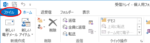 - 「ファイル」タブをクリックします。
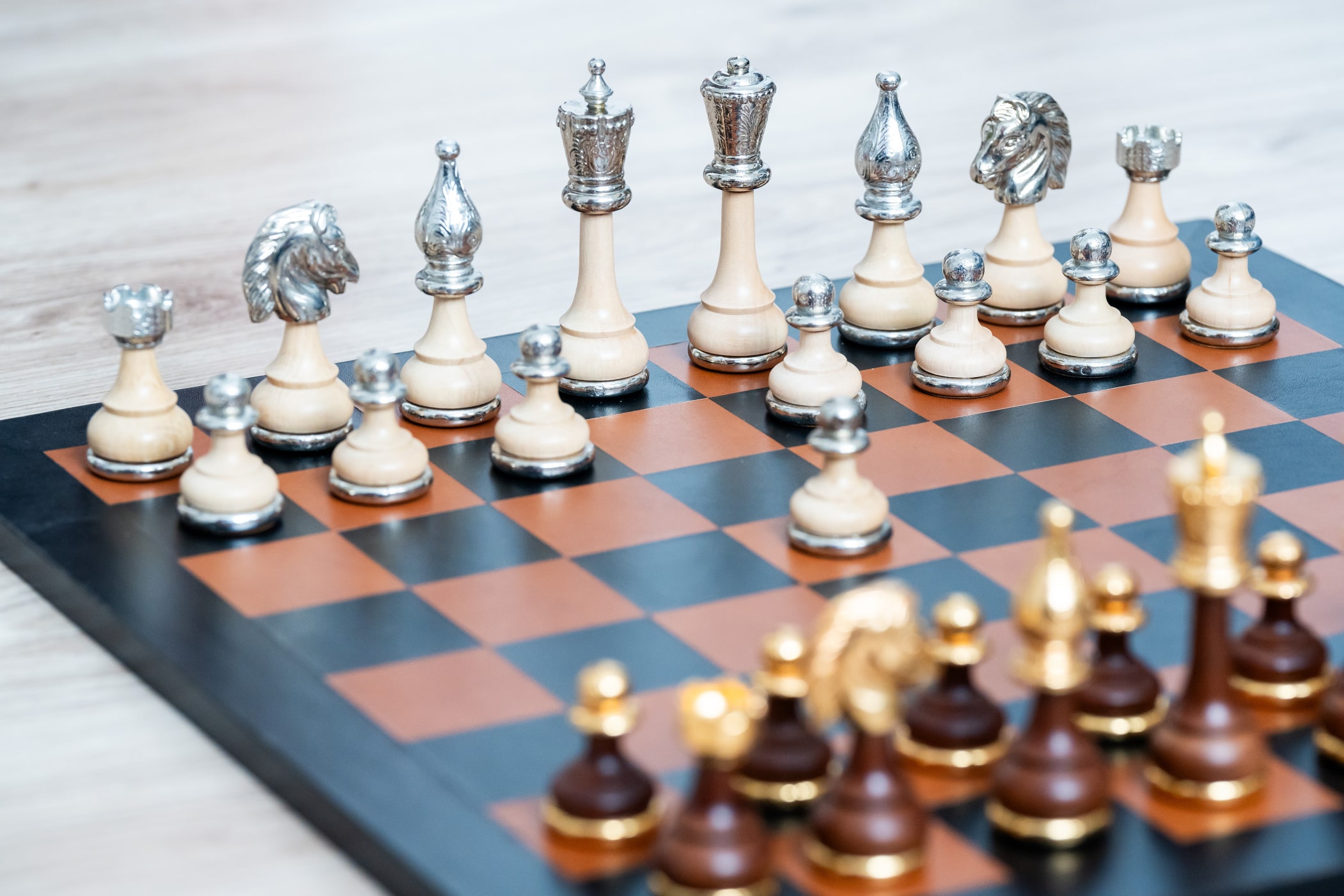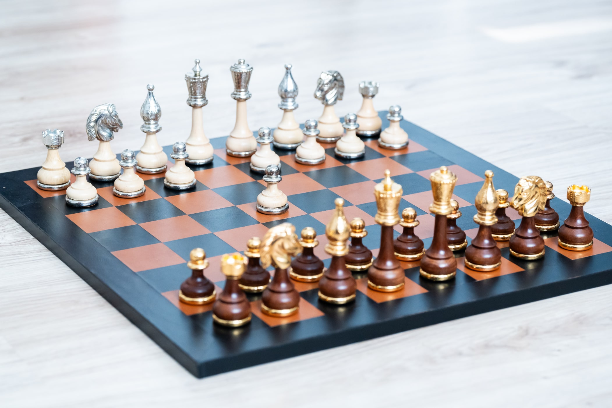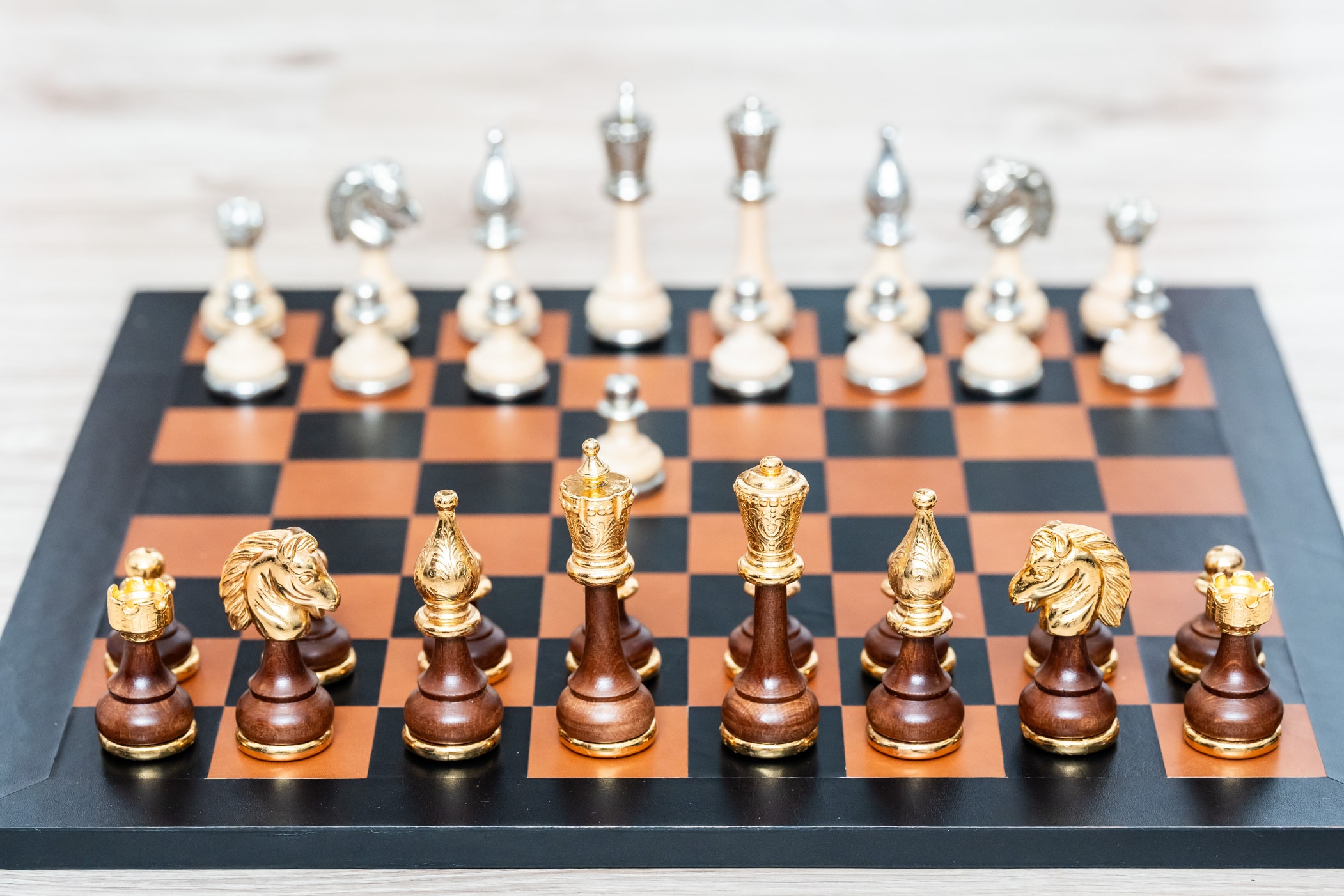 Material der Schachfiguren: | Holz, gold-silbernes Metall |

- - -

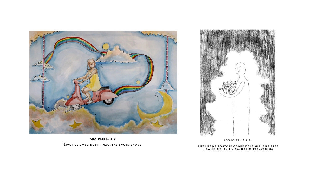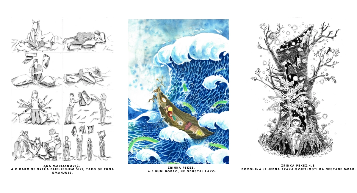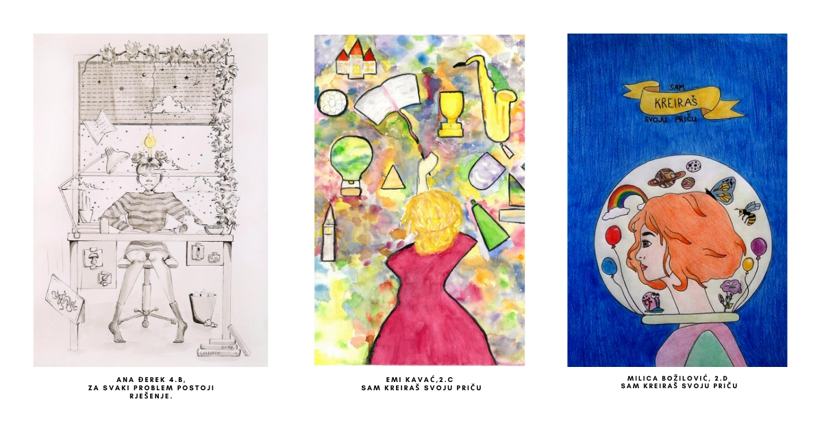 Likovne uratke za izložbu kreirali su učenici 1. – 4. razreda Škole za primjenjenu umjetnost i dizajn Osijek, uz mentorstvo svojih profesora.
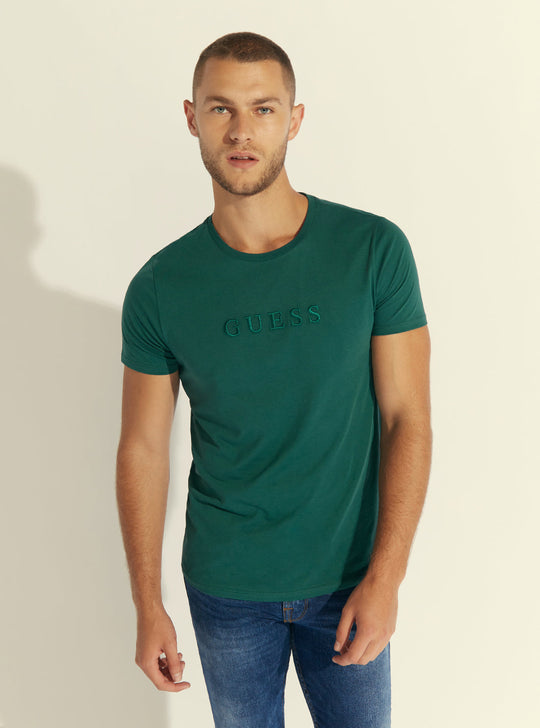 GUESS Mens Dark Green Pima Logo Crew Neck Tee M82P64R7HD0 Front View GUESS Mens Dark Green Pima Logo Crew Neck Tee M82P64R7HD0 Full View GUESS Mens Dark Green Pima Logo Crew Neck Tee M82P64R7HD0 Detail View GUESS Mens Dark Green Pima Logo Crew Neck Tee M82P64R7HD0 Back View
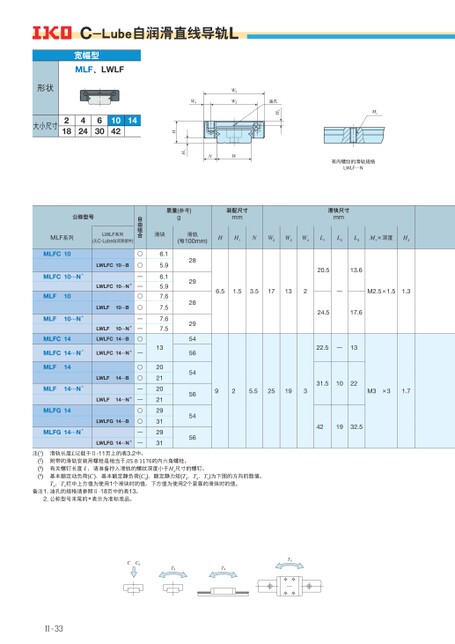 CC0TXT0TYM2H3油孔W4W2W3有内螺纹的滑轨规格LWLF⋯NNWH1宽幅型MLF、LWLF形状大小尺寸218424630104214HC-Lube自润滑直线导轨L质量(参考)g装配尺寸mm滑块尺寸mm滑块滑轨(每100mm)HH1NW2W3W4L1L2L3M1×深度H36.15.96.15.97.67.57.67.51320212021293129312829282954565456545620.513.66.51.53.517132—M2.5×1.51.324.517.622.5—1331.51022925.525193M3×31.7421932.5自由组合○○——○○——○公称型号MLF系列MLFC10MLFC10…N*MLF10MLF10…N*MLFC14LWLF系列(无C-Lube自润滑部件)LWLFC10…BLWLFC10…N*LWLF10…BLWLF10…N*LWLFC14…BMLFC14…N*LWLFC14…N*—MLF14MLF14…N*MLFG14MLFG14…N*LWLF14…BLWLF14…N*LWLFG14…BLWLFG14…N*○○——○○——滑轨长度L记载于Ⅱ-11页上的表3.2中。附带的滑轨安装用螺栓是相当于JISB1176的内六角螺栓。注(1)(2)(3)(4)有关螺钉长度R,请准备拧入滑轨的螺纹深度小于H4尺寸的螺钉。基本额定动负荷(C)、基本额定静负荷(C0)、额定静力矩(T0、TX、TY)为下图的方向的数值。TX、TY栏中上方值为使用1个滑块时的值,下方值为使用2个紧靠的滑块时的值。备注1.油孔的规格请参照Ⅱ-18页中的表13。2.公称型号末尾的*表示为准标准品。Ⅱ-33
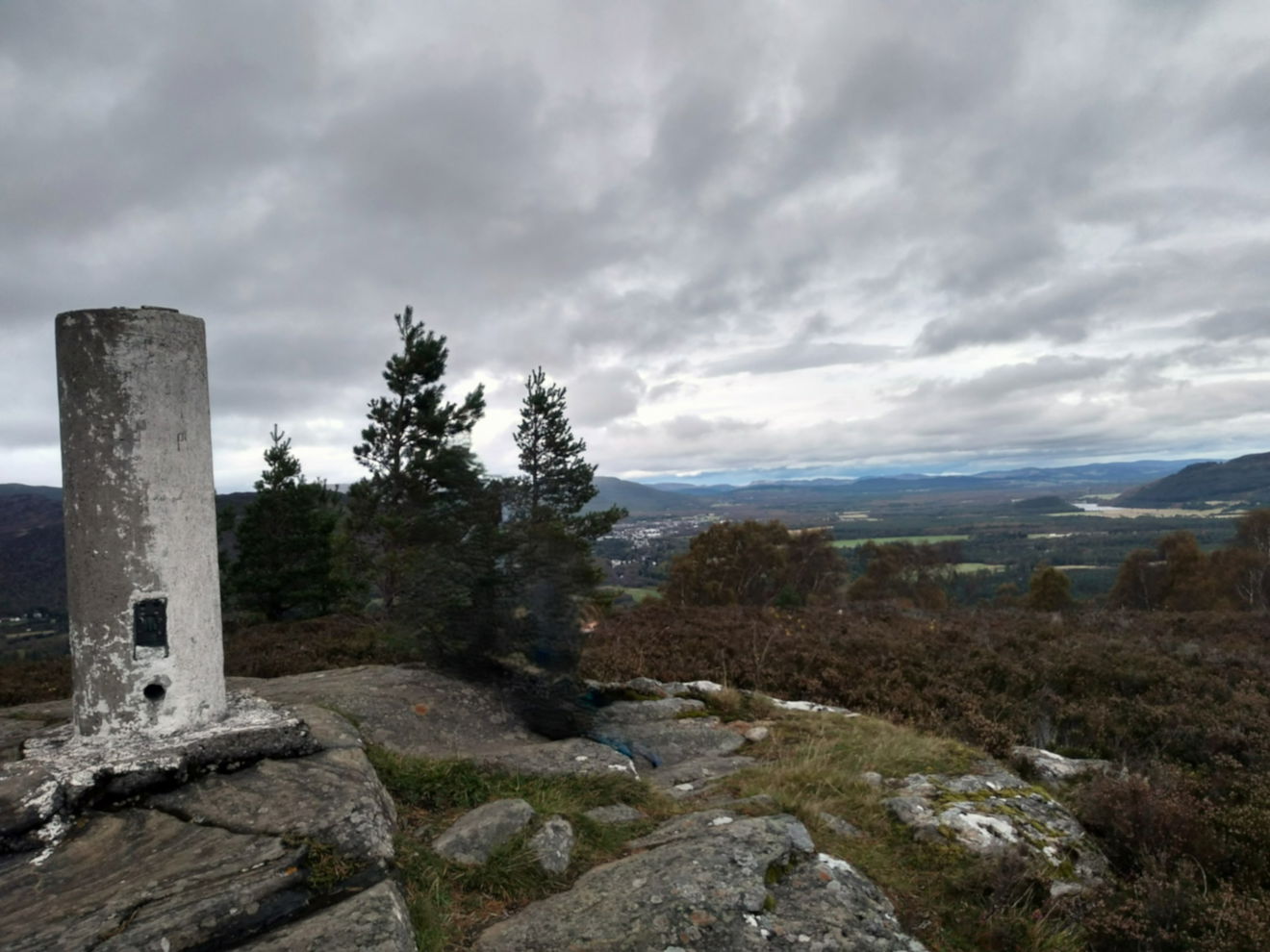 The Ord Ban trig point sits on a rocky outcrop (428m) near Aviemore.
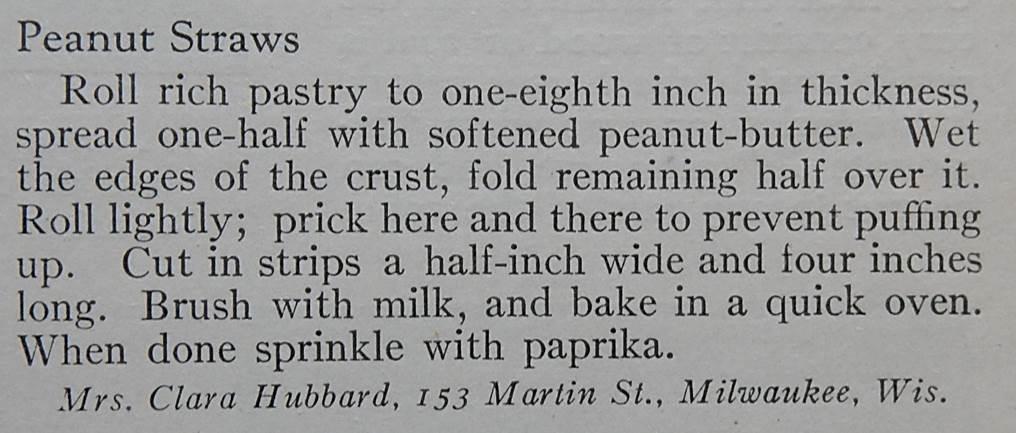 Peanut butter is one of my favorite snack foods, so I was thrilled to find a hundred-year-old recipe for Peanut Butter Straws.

- - -

◆ What you need to do
Copy out exactly the lines above beginning with the line that contains "The Ord Ban" and finishing with the line that contains "Peanut butter is", including both; leave the pictures out.

◆ Reply
 The Ord Ban trig point sits on a rocky outcrop (428m) near Aviemore.
 Peanut butter is one of my favorite snack foods, so I was thrilled to find a hundred-year-old recipe for Peanut Butter Straws.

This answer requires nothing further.